John Michael Dexter Romweber was born in Batesville, Indiana, and played in his first band, Crash Landon & the Kamikazes, at age 11 while attending junior high school. He later teamed with a drummer and the two musicians became the Flat Duo Jets, naming themselves after hearing Gene Vincent speak about his Gretsch Duo Jet guitar. The Flat Duo Jets began recording in 1985 and relocated to Athens, Georgia, where the band was featured in the film Athens, GA: Inside Out. The Flat Duo Jets moved to Chapel Hill, North Carolina, and then split in 1999 after eight albums. Romweber subsequently released solo albums and formed the Dexter Romweber Duo, which for a time included drummer Crash LaResh, who performed with Romweber in various outfits from 1995 to 2005. In the 2008 documentary It Might Get Loud, Jack White played the Flat Duo Jets’ version of the traditional “Frog Went A-Courtin'” for Led Zeppelin’s Jimmy Page and U2’s The Edge, and discussed the impact that the Jets had on him and his music. In 2009, a documentary about Romweber’s musical journey, Two Headed Cow, featured testimonials from White, Exene Cervenka of X, Cat Power and Neko Case. Flat Jets Duo’s most recent album is 2008’s soundtrack from Two Headed Cow.

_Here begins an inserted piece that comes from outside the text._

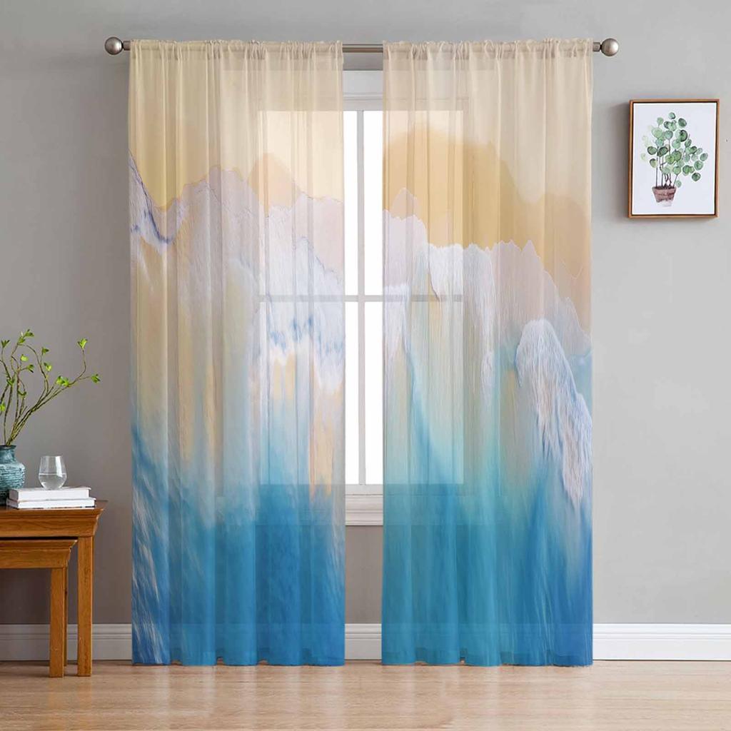 Океанский пляж, летние каникулы, тюлевые оконные шторы для спальни, роскошный домашний декор, шторы в гостиной, шифоновые панели

Dexter Romweber and Crash LaResh reunited, this time as Flat Duo Jets, at Hill Country Barbecue Market, playing rootsy garage rock and roll from America’s south and borrowing generously from traditional blues, rhythm & blues, rockabilly and country. The sparse guitar/drums arrangements created spine-tingling eruptions that were abrupt, coarse, and blazing. LaResh, ostentatious with his multiple tattoos, bleached blond dreads and oversized sunglasses, forcefully played his drum kit while standing, and seemed to be energized by the mad riffs and deep grooves played by Romweber. Romweber, on the other hand, dressed more conservatively in an opened white shirt with the sleeves rolled up, seemed consumed by his playing and nothing else, as he played nearly the entire set with his eyes closed and his back to the audience. Romweber sang soulfully and tenderly, yet kept his vocals as raw as his guitar playing. Romweber spoke little, except at the end when he begged off playing an encore.